Fig. 35: Express-FLIM of a live Enchytraeus albidus. Autofluorescence, four subsequent images from a 5-frames/second sequence. SPC-QC-104, excitation pulse rate 80 MHz, average photon rate about 10×106 s-1.
FCS
The bh GaAsP hybrid detectors deliver highly efficient FCS [2, 27, 31]. Because the detectors are free of afterpulsing diffusion times are obtained from a single detector, without the loss in correlation events that occurs when the signals from two detectors are cross-correlated. FCS can be obtained with the diode-laser systems, the Intune system, and even with the multiphoton NDD systems. The bh SPCM data acquisition software calculates FCS online and fits the data with a user-configurable model function [31]. FCS can be recorded with picosecond lasers or with CW lasers. With ps excitation, the FCS procedure also delivers the decay function in the excited spot. The FCS recording can then be time-gated to prevent Raman signals from contaminating the FCS data. An example is shown in Fig. 36. Please see [36] or [2] for details.

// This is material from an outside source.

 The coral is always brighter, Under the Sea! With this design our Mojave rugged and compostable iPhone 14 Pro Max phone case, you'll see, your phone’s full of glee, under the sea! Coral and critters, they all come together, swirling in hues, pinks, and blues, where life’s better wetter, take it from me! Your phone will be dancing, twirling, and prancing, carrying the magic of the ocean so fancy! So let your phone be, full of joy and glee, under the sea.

Fig. 36: FCS with HPM-100-40 hybrid detector. Decay curve and FCS curve. The first part of the decay has been suppressed by time-gating.

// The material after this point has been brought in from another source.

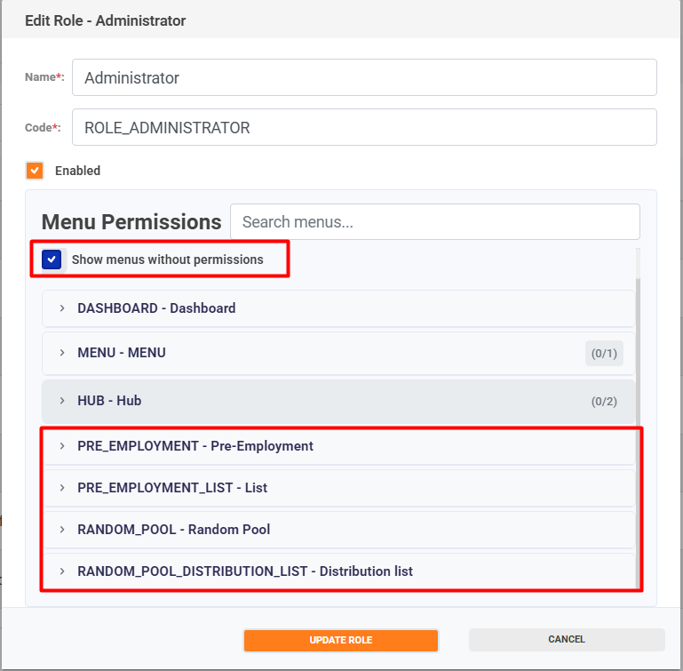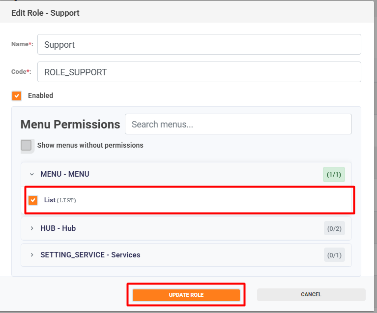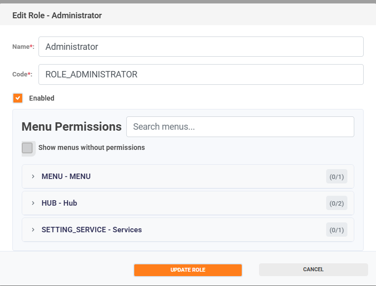 To assign permissions to a role, select the menu option; the available permissions will be displayed.
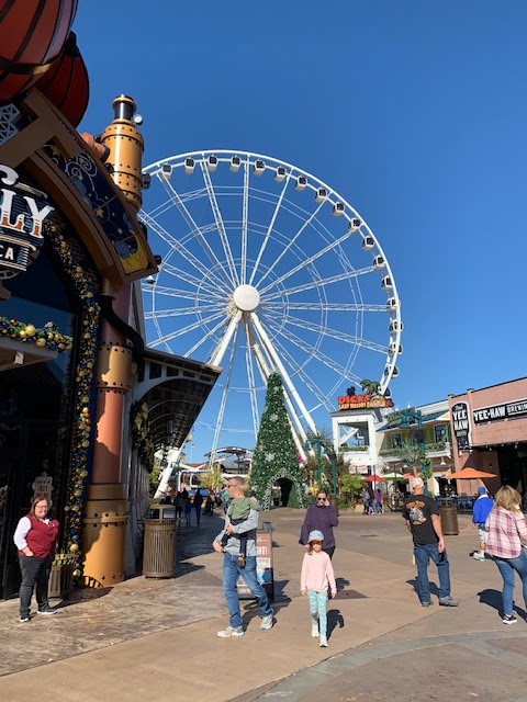 We were up very early this morning getting chores done and getting over to daughter's to pick her family up to go to Dollywood for the day. Daughter's van needs tires so we crammed everything in my Honda Pilot and I am driving us there today. Thankfully we had zero traffic problems all the way there and arrived earlier than expected. However on the drive there daughter discovered the hours were changed at Dollywood today and they didn't open until 2:00. We went to a place called The Island where there were rides and things for the kids to do while we waited for the opening. This place was great for the girls as they got to ride some different rides like this very tall ferris wheel which IR and her dad took a ride on.

Fig. 37: Intensity trace recorded in parallel with FCS.
Detection of Nanoparticles
The parameter-tag mode of the FLIM system can also be used for single-particle detection. An example for the diffusion of fluorescent nanoparticles through the laser focus in shown in Fig. 38.
Fig. 38: Fluorescent nanoparticles drifting through the laser focus. Intensity trace.
The individual photon bursts can be further analysed by bh 'SPCDynamics' software, see Fig. 39. SPCDynamics displays fluorescence decay curves integrated over the bursts in a selected time interval, a phasor plot of the decay data of the bursts within a selected time interval, and decay curves and fluorescence lifetimes of individually selected bursts.
Fig. 39: Analysing photon bursts from single particles or single molecules by bh 'SPCDynamics' software
Precision Recording of Single Decay Curves
The DCS-120 system can record single decay curves from fluorophore solutions or from selected spots in a two-dimensional sample. Curves are obtained either in the 'Single' mode of SPCM, or from summing up the decay data from a multi-pixel area within a FLIM image. This makes a separate lifetime spectrometer for fluorophore characterisation unnecessary. Moreover: A multiphoton system with ultra-fast detectors beats any lifetime spectrometer in time resolution. An example is shown in Fig. 40.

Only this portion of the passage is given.